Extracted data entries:
::::
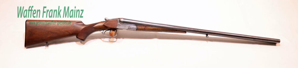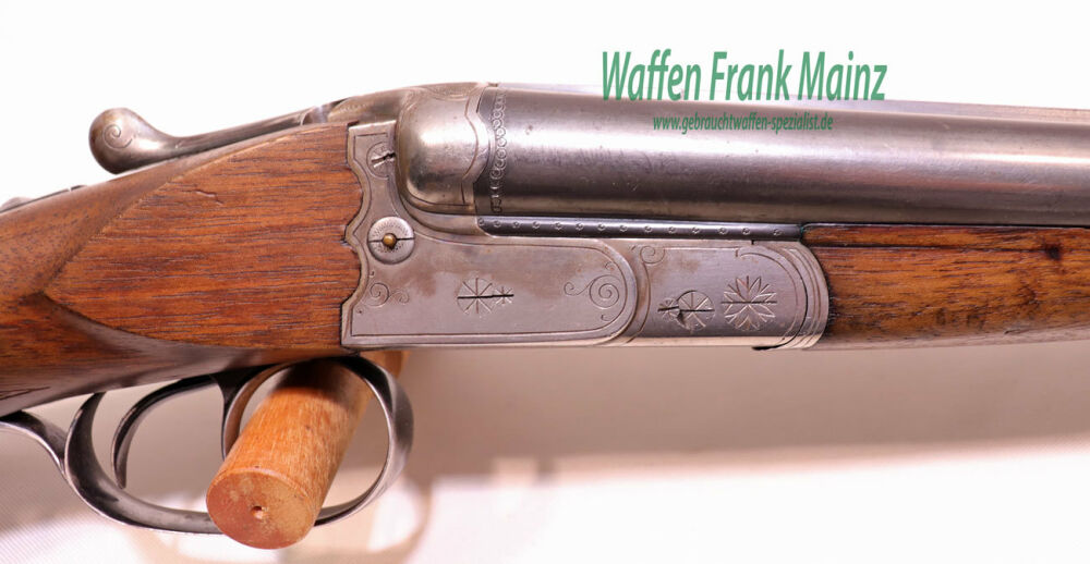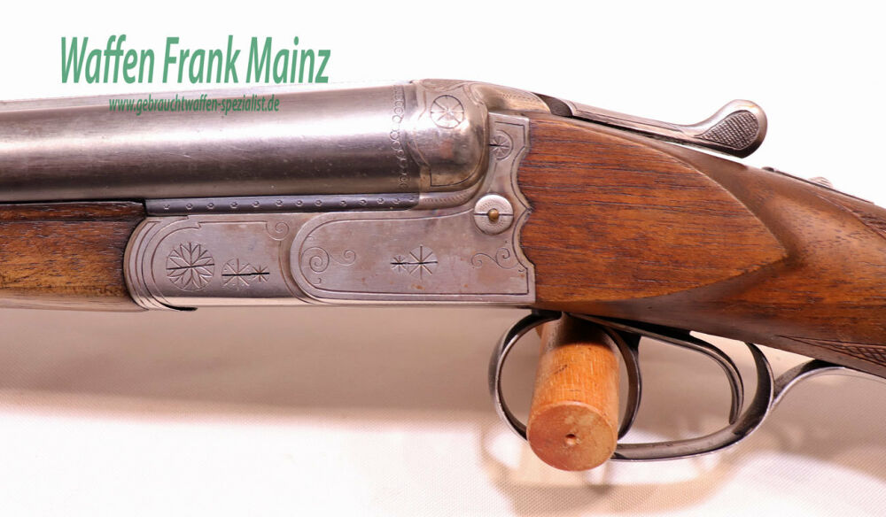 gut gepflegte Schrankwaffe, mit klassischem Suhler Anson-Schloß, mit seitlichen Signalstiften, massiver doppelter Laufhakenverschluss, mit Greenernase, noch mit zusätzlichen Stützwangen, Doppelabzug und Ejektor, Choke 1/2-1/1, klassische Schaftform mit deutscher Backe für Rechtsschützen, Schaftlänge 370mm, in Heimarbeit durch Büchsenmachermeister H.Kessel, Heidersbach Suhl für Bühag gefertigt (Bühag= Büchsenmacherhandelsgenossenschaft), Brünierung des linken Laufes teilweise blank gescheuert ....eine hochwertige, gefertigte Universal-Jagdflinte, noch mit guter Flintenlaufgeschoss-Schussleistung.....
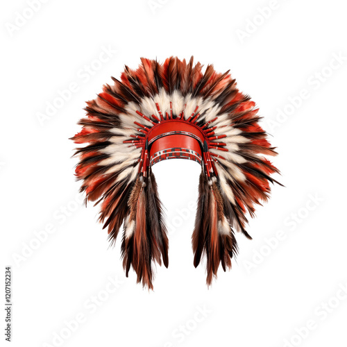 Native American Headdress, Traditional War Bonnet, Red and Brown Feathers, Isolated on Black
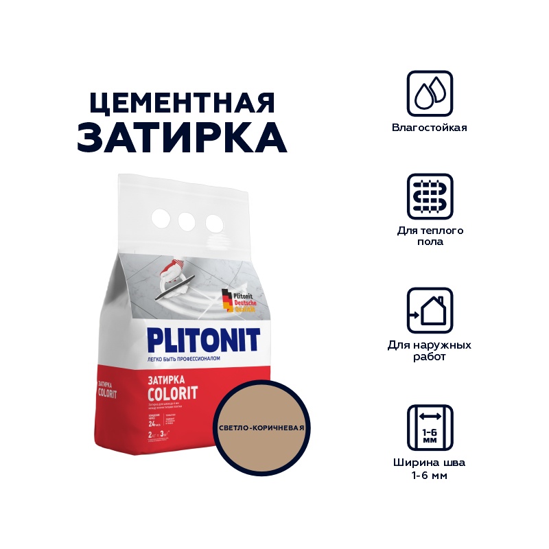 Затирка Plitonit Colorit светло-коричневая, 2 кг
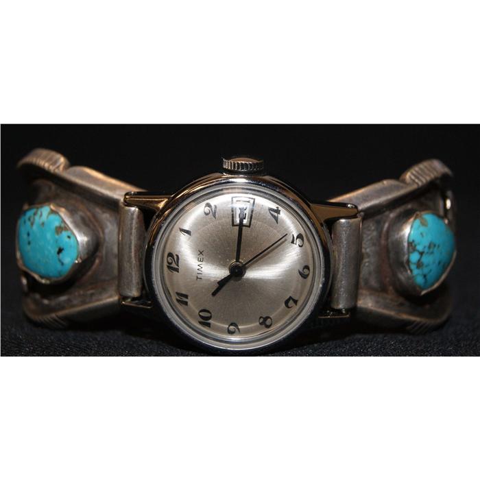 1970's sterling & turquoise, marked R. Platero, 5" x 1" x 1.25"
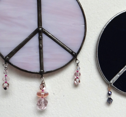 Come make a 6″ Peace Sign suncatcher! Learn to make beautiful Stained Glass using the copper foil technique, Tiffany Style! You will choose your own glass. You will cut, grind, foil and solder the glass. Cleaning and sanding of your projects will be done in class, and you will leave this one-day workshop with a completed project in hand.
::::
Problem details:
Make an exact copy of every entry above, but keep the pictures out of it.

Result of the task:
 gut gepflegte Schrankwaffe, mit klassischem Suhler Anson-Schloß, mit seitlichen Signalstiften, massiver doppelter Laufhakenverschluss, mit Greenernase, noch mit zusätzlichen Stützwangen, Doppelabzug und Ejektor, Choke 1/2-1/1, klassische Schaftform mit deutscher Backe für Rechtsschützen, Schaftlänge 370mm, in Heimarbeit durch Büchsenmachermeister H.Kessel, Heidersbach Suhl für Bühag gefertigt (Bühag= Büchsenmacherhandelsgenossenschaft), Brünierung des linken Laufes teilweise blank gescheuert ....eine hochwertige, gefertigte Universal-Jagdflinte, noch mit guter Flintenlaufgeschoss-Schussleistung.....
 Native American Headdress, Traditional War Bonnet, Red and Brown Feathers, Isolated on Black
 Затирка Plitonit Colorit светло-коричневая, 2 кг
 1970's sterling & turquoise, marked R. Platero, 5" x 1" x 1.25"
 Come make a 6″ Peace Sign suncatcher! Learn to make beautiful Stained Glass using the copper foil technique, Tiffany Style! You will choose your own glass. You will cut, grind, foil and solder the glass. Cleaning and sanding of your projects will be done in class, and you will leave this one-day workshop with a completed project in hand.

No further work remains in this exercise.